The manufacturing method according to the embodiment of the invention comprises the following steps:

(1) cleaning: opening the chest of the slaughtered sheep, removing internal organs, and cleaning with water to obtain a slaughtered sheep;

(2) unhairing: removing wool from the cleaned slaughtered sheep obtained in the step (1) and removing fuzz to obtain a sheep carcass;

(3) pickling: spreading pickling materials on the inner part and the outer part of the lamb carcass obtained in the step (2), and pickling for 40 hours to obtain a pickled lamb carcass;

(4) baking: hanging and baking the pickled sheep carcass obtained in the step (3) for 40 hours at 40 ℃ to obtain a baked sheep;

(5) smoking: and (4) continuously smoking the baked sheep obtained in the step (4) for 18 hours at the temperature of 40 ℃ by using smoking materials to obtain the skin-covered mutton food.

In step (1) according to an embodiment of the present invention, slaughtered sheep are washed with water and then coated with salt.

According to the method for unhairing in the step (2) of the specific embodiment of the invention, the cleaned slaughtered sheep obtained in the step (1) is placed in hot water at the temperature of 85-90 ℃ for 2-5 minutes, and then the whole sheep is taken out to be plucked of wool and the wool is removed, so that the sheep carcass is obtained.

In step (3) according to an embodiment of the present invention, the curing agent is a mixture of salt and fennel.

The mass ratio of salt to fennel according to an embodiment of the present invention is 5: 1.

The marinade according to embodiments of the present invention is a fried marinade.

In the step (3) according to the embodiment of the present invention, the amount of the marinade added is 0.25% by mass.

In the step (4) according to the embodiment of the present invention, the ribs of the pickled lamb carcass are spread to both sides during baking, and then the lamb carcass is baked.

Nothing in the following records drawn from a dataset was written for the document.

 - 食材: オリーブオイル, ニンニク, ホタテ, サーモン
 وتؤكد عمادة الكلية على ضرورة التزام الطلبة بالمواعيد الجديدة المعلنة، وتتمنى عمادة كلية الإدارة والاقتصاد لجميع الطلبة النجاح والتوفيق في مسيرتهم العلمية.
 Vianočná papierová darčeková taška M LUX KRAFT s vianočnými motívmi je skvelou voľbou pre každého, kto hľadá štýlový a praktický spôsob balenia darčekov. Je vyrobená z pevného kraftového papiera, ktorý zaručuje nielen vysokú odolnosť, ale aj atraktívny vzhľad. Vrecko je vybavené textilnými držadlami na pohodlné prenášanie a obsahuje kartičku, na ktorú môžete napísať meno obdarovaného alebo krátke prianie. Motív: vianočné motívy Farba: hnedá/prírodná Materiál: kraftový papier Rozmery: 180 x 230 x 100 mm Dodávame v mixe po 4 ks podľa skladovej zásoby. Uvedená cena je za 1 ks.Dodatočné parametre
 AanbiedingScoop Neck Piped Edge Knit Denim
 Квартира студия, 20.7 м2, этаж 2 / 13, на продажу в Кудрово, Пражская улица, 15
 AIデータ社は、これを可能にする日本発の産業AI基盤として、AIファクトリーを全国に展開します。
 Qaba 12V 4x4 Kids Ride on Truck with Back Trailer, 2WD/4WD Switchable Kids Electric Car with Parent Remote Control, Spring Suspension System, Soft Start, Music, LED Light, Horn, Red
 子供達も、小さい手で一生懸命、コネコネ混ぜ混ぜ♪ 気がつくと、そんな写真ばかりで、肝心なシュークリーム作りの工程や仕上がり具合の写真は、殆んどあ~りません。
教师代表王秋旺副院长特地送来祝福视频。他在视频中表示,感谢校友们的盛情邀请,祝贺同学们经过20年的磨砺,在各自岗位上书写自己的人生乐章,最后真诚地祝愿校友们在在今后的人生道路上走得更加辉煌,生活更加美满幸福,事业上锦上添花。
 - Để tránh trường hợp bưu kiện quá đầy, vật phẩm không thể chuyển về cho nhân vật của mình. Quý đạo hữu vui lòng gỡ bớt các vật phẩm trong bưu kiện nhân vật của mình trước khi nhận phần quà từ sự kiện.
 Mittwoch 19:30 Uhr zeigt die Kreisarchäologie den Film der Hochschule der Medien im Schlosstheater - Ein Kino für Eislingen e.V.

In step (5) according to an embodiment of the present invention, the smoking material is pine branches and leaves, mountain climbing pine branches and leaves, or a combination of two or more kinds of pine branches and leaves at any ratio.

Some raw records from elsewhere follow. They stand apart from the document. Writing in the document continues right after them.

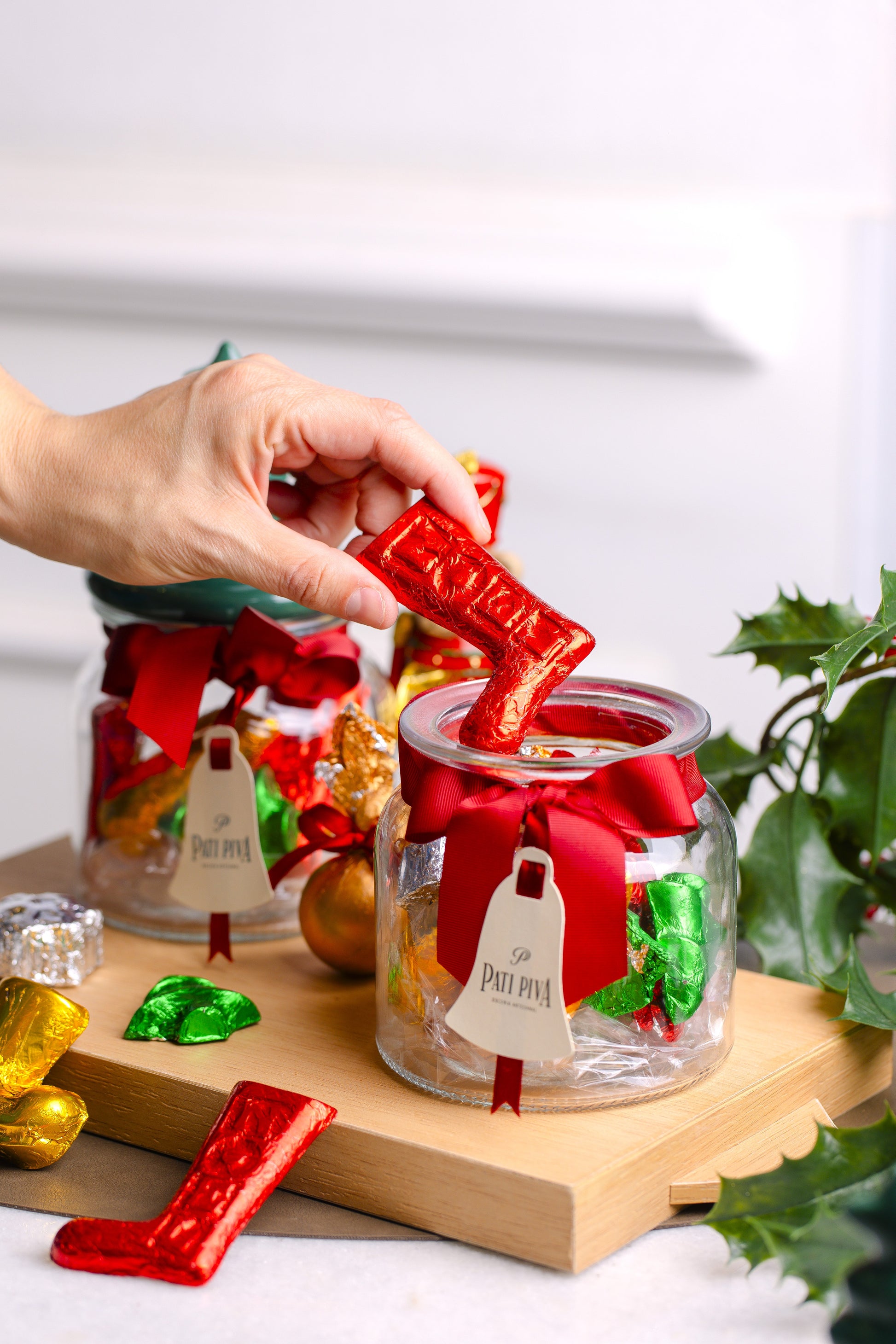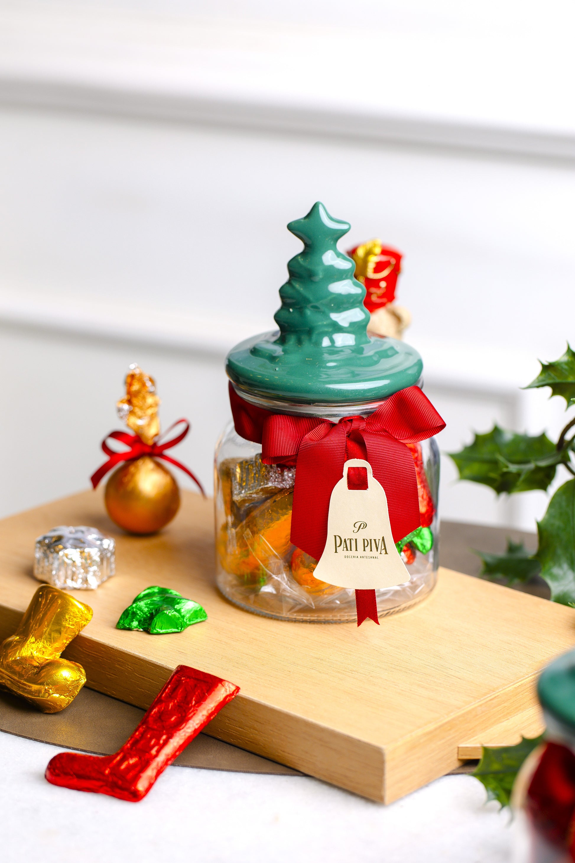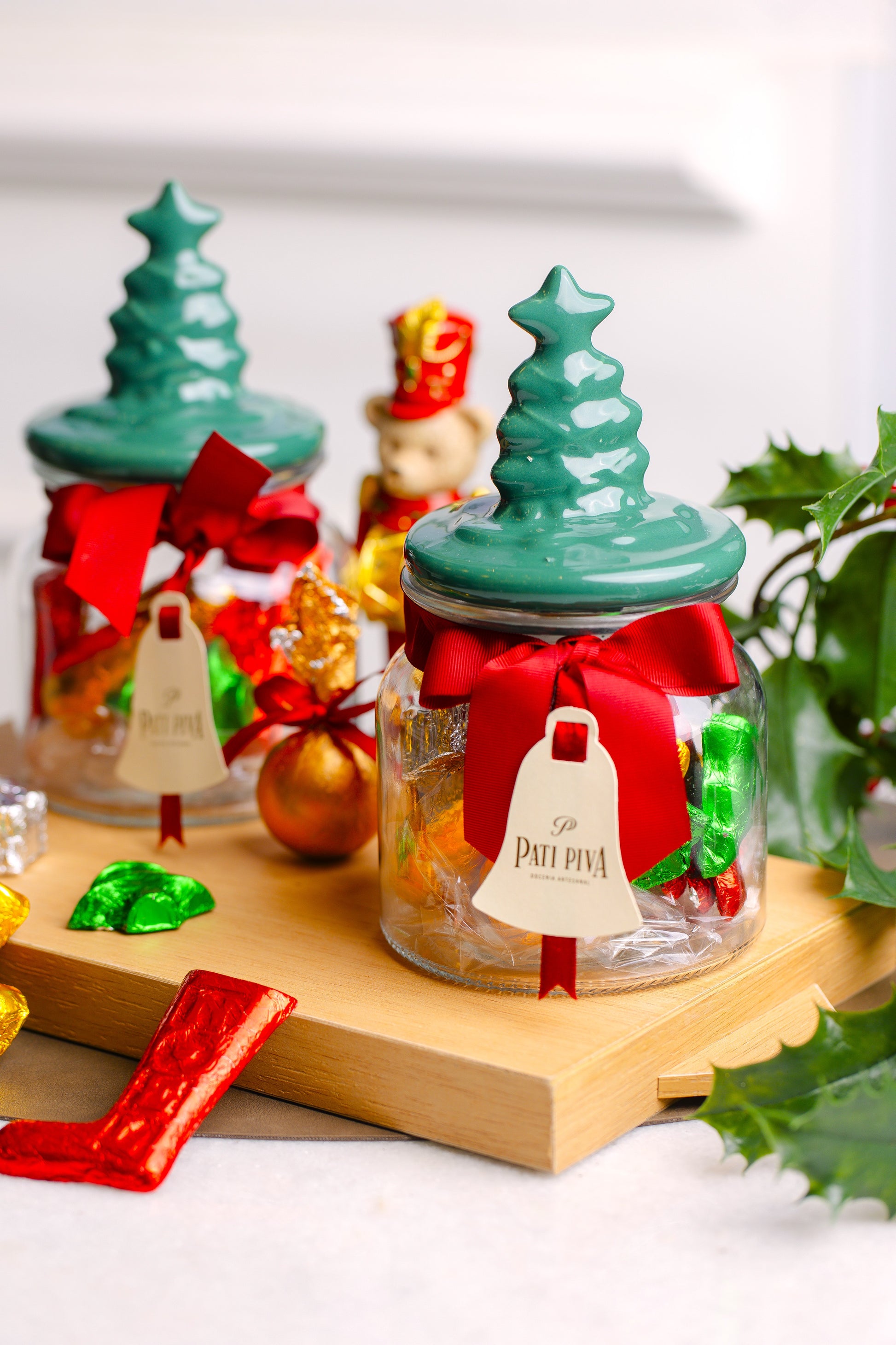 Este pote de vidro com tampa em formato de árvore de Natal verde traz um mix irresistível de bombons artesanais nos sabores: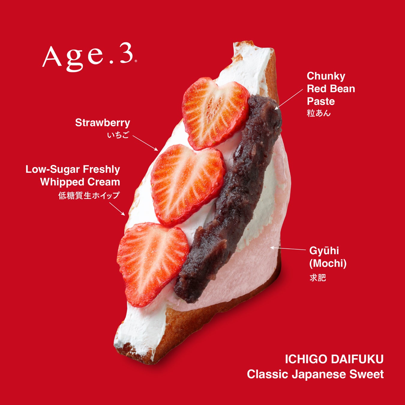 さらに、Age.3の代名詞である低糖質生ホイップクリームが全体をやさしく包み込み、甘さを抑えた軽やかな口どけが、苺とあんこの輪郭を引き立てます。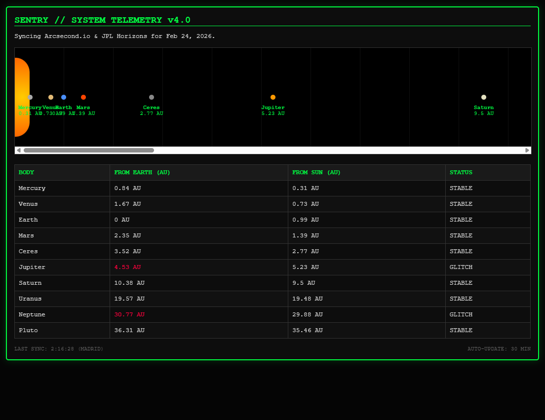 - Data Source: Structured for easy synchronization with NASAβs JPL Horizon API or static data sets.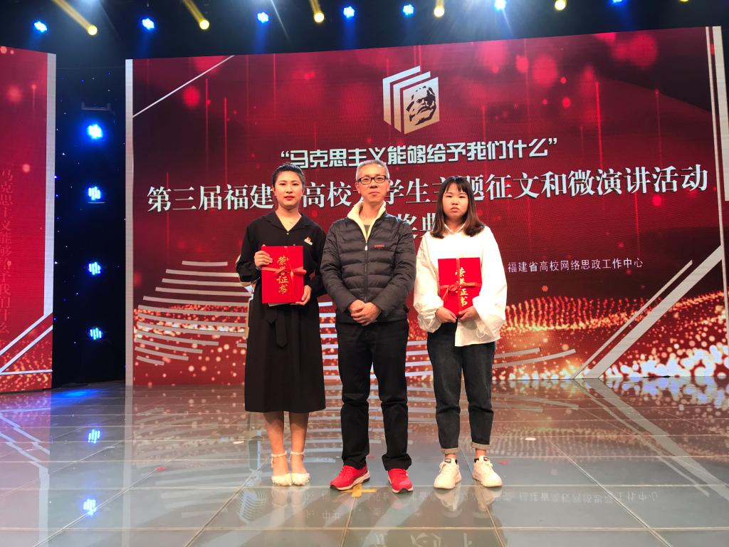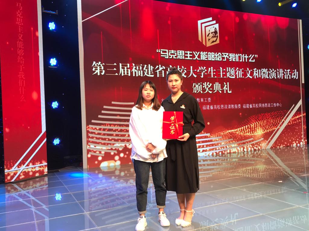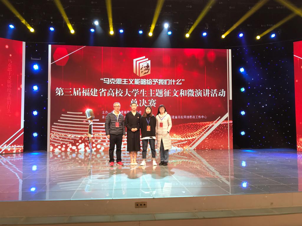 2019年12月4日,“馬克思主義能夠給予我們什么”第三屆福建省高校大學(xué)生主題征文和微演講活動總決賽在福建師范大學(xué)施學(xué)共樓演播廳落下帷幕,我校學(xué)生榮獲三等獎。

Compared with the prior art, the invention has the following beneficial effects:

(1) according to the method for preparing the mutton food with the skin, the conventional smoking preparation process is changed, the taste of the mutton is better through the preparation in the form, mutton is innovative in eating method, the skin is not peeled, the mutton skin is connected with the mutton, the taste is chewy, the mutton skin is rich in collagen, the new nutritional value of the product is increased, the shearing force, the color and the chewing performance are better, the meat color of the mutton chop and the mutton leg is bright red, the taste is good, and the mutton food with the skin is fresh and tender and easy to chew;

(2) according to the method for making the mutton food with the skin, the meat quality and the taste are restored to a greater extent through the cooperation of manual operation and mechanical processing; the process is standardized, the modern flow operation can be realized, and the labor value of manpower in the processing process is liberated on a large scale.

Detailed Description

In order to make the objects, technical solutions and advantages of the present invention more apparent, the technical solutions of the present invention will be described in detail below. It is to be understood that the described embodiments are merely exemplary of the invention, and not restrictive of the full scope of the invention. All other embodiments, which can be derived by a person skilled in the art from the examples given herein without any inventive step, are within the scope of the present invention.

The raw material sheep selected in the invention is a slaughtered sheep with fur after inspection and quarantine, and the salt, the fennel, the pine branches and leaves and the pine branches and leaves in the manufacturing method are all commercial products.